Tenzin Sangmo und ihre Cousine Ngawang Choeden aus Tibet
Nepal wird durch den Monsun sehr stark geprägt und dieser beeinflusste auch unsere Reise betträchtig. Bis September fielen extrem große Niederschlagsmengen und es war schwül und warm. Als sich der Monsun zurück zog, ließen auch die Niederschläge nach und die Sonne schien jeden Tag von einem azurblauen Himmel bei rund 35 Grad im Schatten. In Nepal gibt es zahllose Tempel und Heiligtümer welche entweder hinduistische oder buddhistische waren.Es ist das Land, indem die Weltreligionen Hinduismus und Buddhismus friedlich nebeneinander leben.

Wir besichtigten viele dieser Tempel und waren fasziniert von der Architektur aber auch von der Andersartigkeit des Lebens dieser Menschen. Nepal ist das dritt ärmste Land der Erde. Es gibt kaum Industrie, keine Zugstrecken, keine Müllentsorgung , kaum asphaltierte Straßen, und auch das monatliche Einkommen eines normalen Arbeiters ist verschwindend gering (220 $). Die Haupteinnahmequelle des Landes ist der Tourismus. Die Lebenskosten sind sehr niedrig und so bekamen wir z.B. für 2 Euro eine komplette Mahlzeit in einem Restaurant. Am Abend kehrten wir nach langen Ausflügen und ab und zu auch nach einem abendlichen Restaurantbesuch wieder zurück in die Schule. Nach dem Abendgebet der Nonnen wurde das Abendessen serviert. Es bestand aus einer einfachen Suppe, die Spinat und Brotstreifen enthielt. Bis 22 Uhr hatten die Nonnen Zeit für Hausaufgaben und persönliche Dinge und dann war Nachtruhe.

der Gebetsraum unserer Schule
Eine Woche nach unserer Ankunft kündigte eine Rebellenorganisation den Waffenstillstand mit der Regierung auf und verübte tägliche Angriffe auf Militäreinrichtungen, Polizeistationen, Banken und Läden. Ihr Ziel war es, den König von Nepal zu stürzen und eine kommunistische Regierung aufzubauen. Das zivile Leben wurde durch nächtliche Ausgangssperren und verschärfte Sicherheitsmaßnahmen beeinträchtigt. Höhepunkt war ein dreitägiger Streik, bei dem das öffentliche Leben fast völlig lahm gelegt war. Im Verlauf unseres Aufenthaltes wurden mehr als 800 Menschen ermordet.
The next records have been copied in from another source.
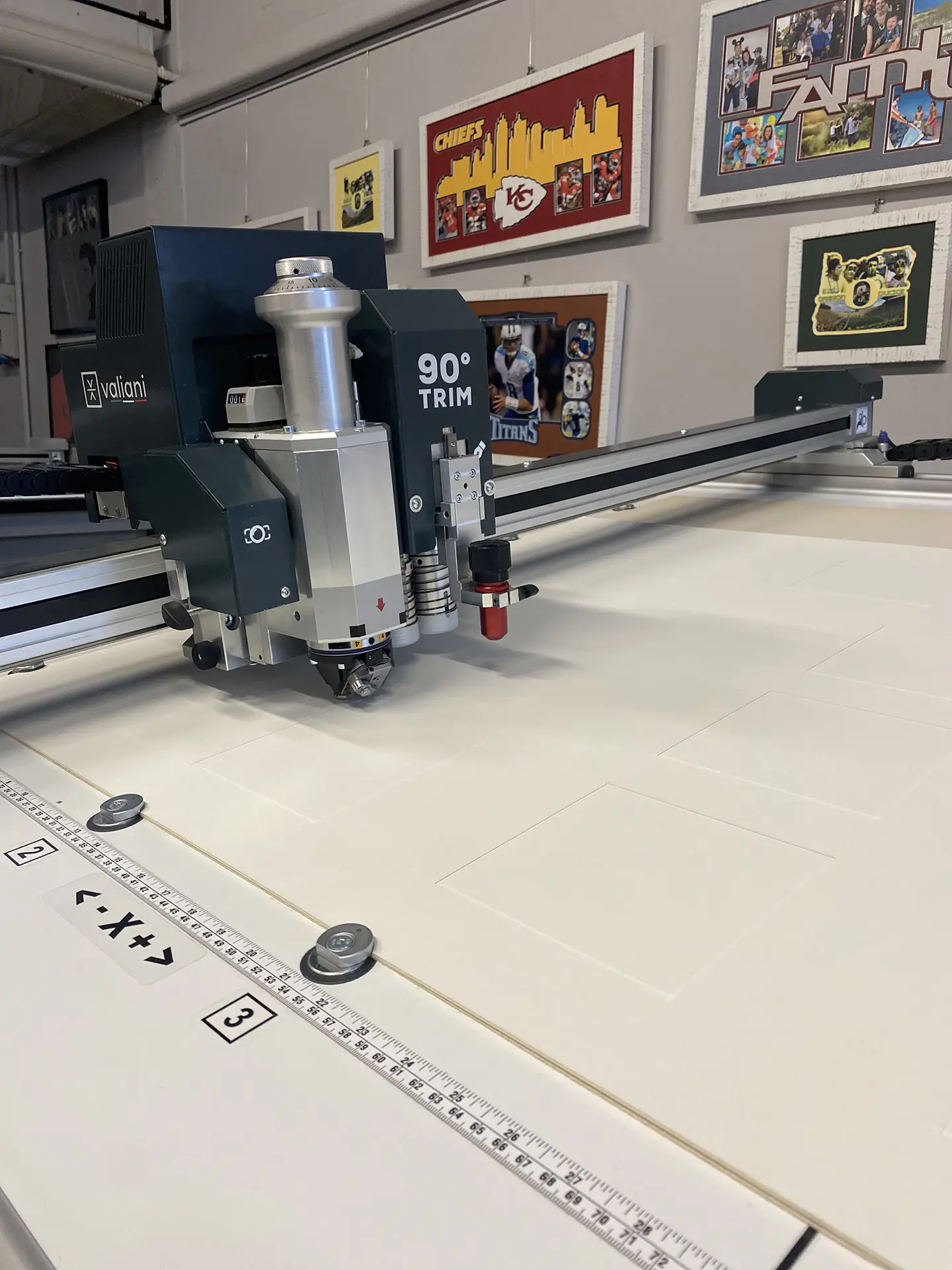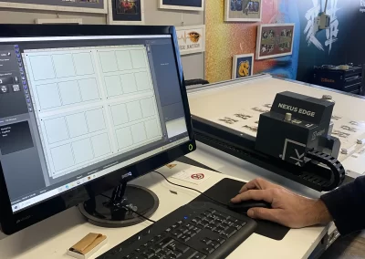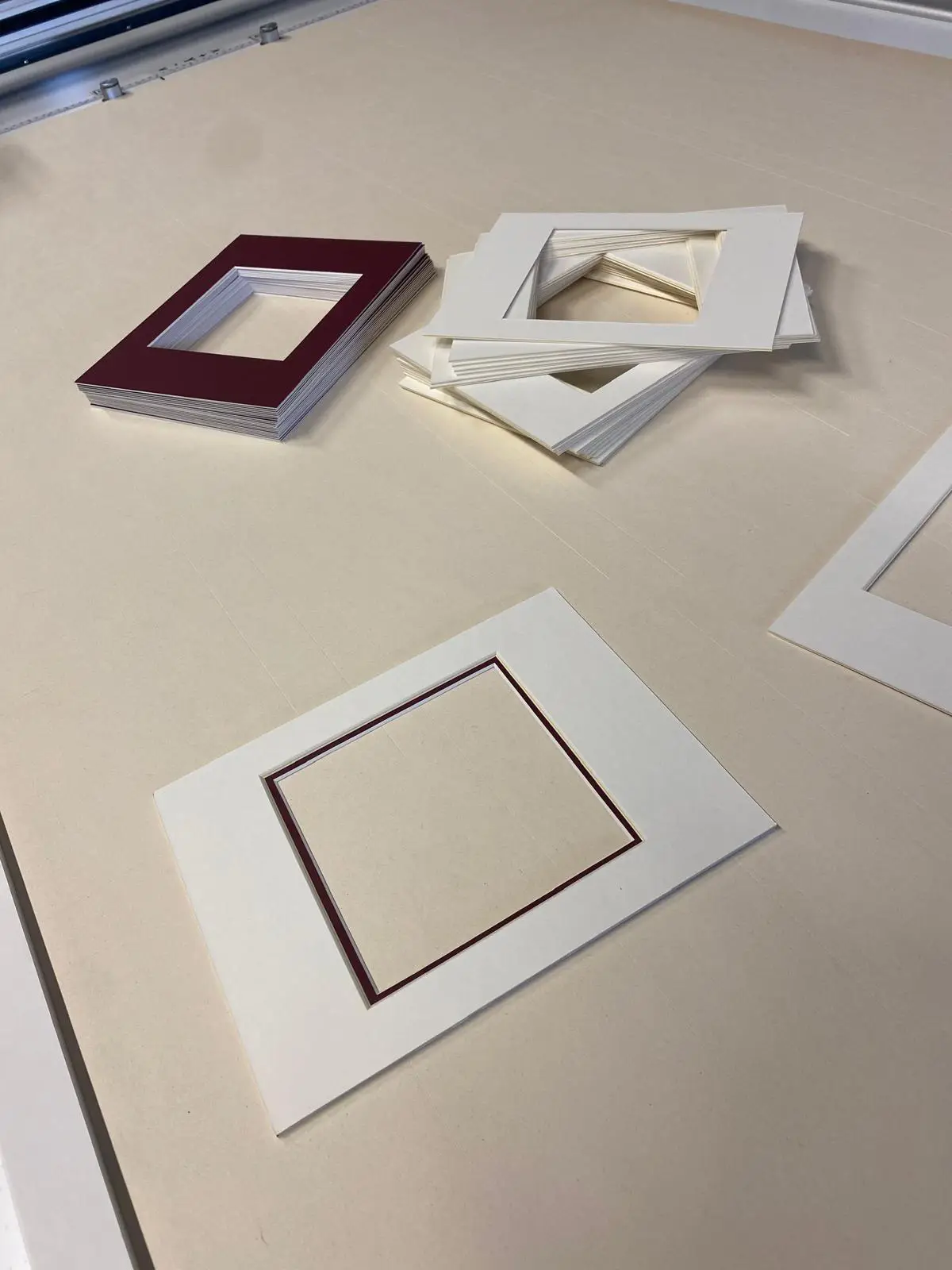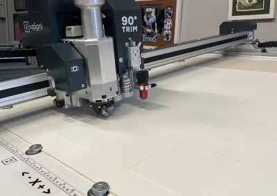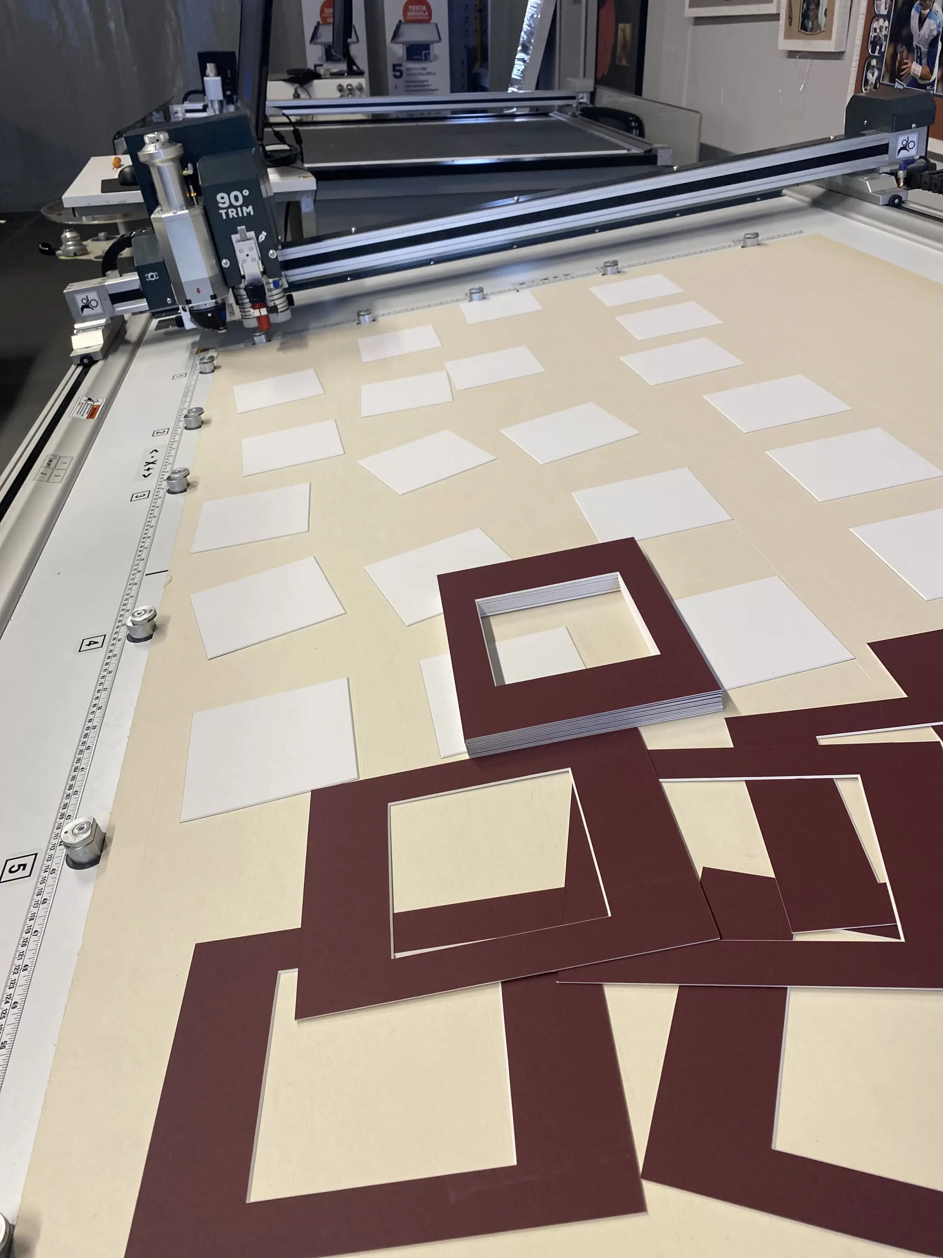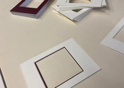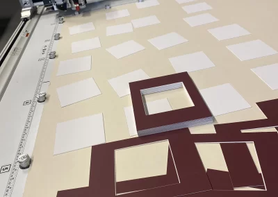 Place the 1.4 mm mountboard (we chose burgundy) face down and using the file previously created, start cutting the mats. Remember to remove the ” None (outside cut)” option. The machine will first make all 45° cuts with the blue head and will finish the process with the outside trim using the 90° Trimming Tool. Release the suction and remove the mats.
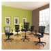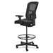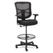 Alera Elusion Series Mesh Stool, 33.13" Seat Height, Supports up to 275 lbs., Black Seat/Black Back, Black Base. Ergonomically designed stool adjusts to fit multiple users. Cool, breathable mesh back. Contoured seat cushion with waterfall edge to help relieve pressure on knees. Adjustable foot ring for leg support. Weighted steel reinforced five-star base with casters or glides. Height adjustable ratchet back for optimal lumbar support. Height- and width-adjustable arms with soft pads. Recommended Applications: General Office & Task; Seat Color: Black; Back Color: Black; Color Family: Black.
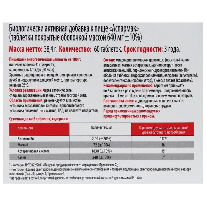 Комплекс «Аспармак», 60 таблеток — Характеристики
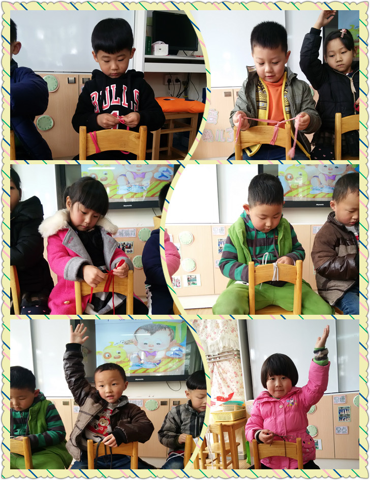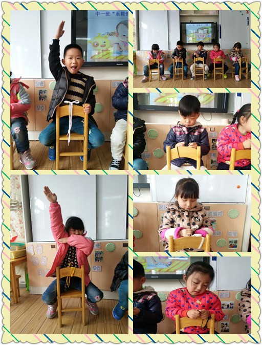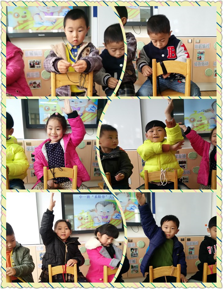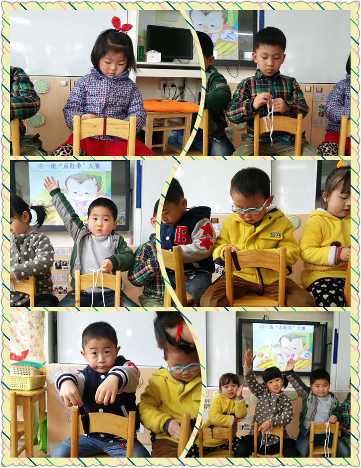 今天,我们中一班的小朋友要来比一比,看看谁系鞋带的本领最厉害!下面,比赛就要开始啦!
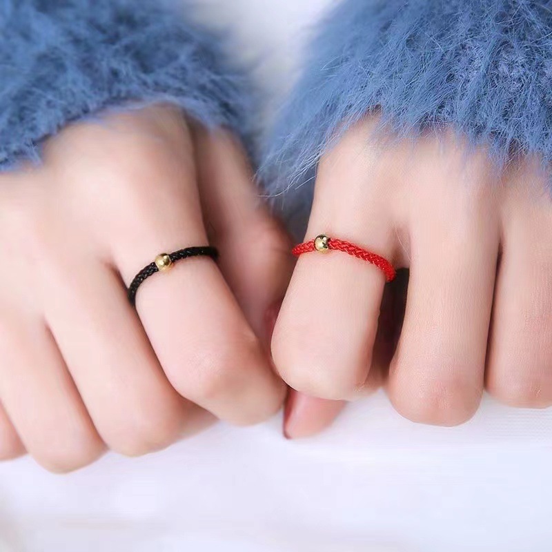 Маленькое кольцо с черной нитью и золотыми бусинами в стиле TikTok для женщин, пары или лучшего друга, плетеное кольцо с красной нитью Little Red Book.
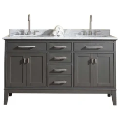 Ari Kitchen & Bath Danny Double Bathroom Vanity Set, Maple Gray, 60″
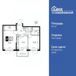 Продаётся 2-к квартира номер 286 общей площадью 55.7 кв.м. на 25-м этаже 25 этажного дома. Чистовая отделка. Цена с учётом скидки!
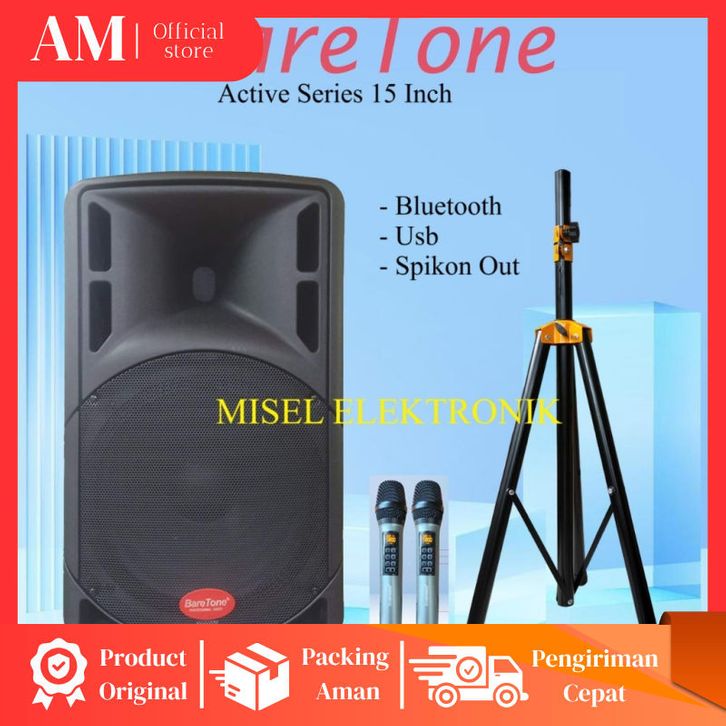 Salon Aktif Bluetooth Full Bass Speaker Aktif 15 Inch BareTone MAX15RAE With Two Wireless Microphone bluetoothnya
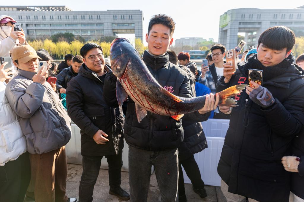 据相关负责人介绍,此次共捕鱼2000余斤,涵盖包头鱼、草鱼、翘嘴、鳊鱼、鲫鱼等品类,最大的一条有近24斤。学校后勤部门将把新鲜捕捞的湖鱼投放到师生餐厅,供全校师生员工免费食用,共享“善湖鱼宴”。
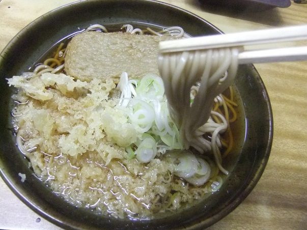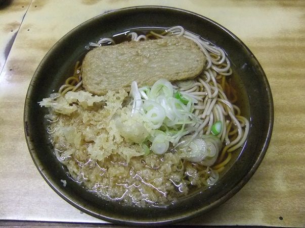 ちゃんと、天ぷらではなくて練り物(を揚げたもの)だと知らせてくれる。また、「揚げ玉入れますか?」と聞かれるのでありがたくいただく。普通の茹で麺。店内に【小幡製麺】のばんじゅう(麺箱)が見える。じゃこ天も図抜けたものでもないのだが、ほっと一息つける安らぎと美味しさ。立ち食いそばが似合う空間なんだよなぁ

Touristen und Lehreinrichtungen waren nicht direktes Ziel der Rebellen und so blieben wir trotz der Sicherheitswarnungen des Auswärtigen Amtes in Nepal.
Wir wurden nur einmal während einer Wanderung von Wegelagerern ausgeraubt. Ansonsten fühlten wir uns den Umständen entsprechend sicher. In den letzten Tagen unseres Aufenthaltes wurde ein großes hinduistisches Fest abgehalten, bei dem viele Tiere geopfert wurden. Wir nutzten den Waffenstillstand während dieser Tage, um Nepal zu verlassen, denn es rief die Uni in Jena. Wir vermissen aber jetzt schon die Nonnen und Nepal. Uns begeisterte das einfache Leben, ohne die vielen "Wohlstandsprobleme" aus unserer westlichen Welt (Deutschland).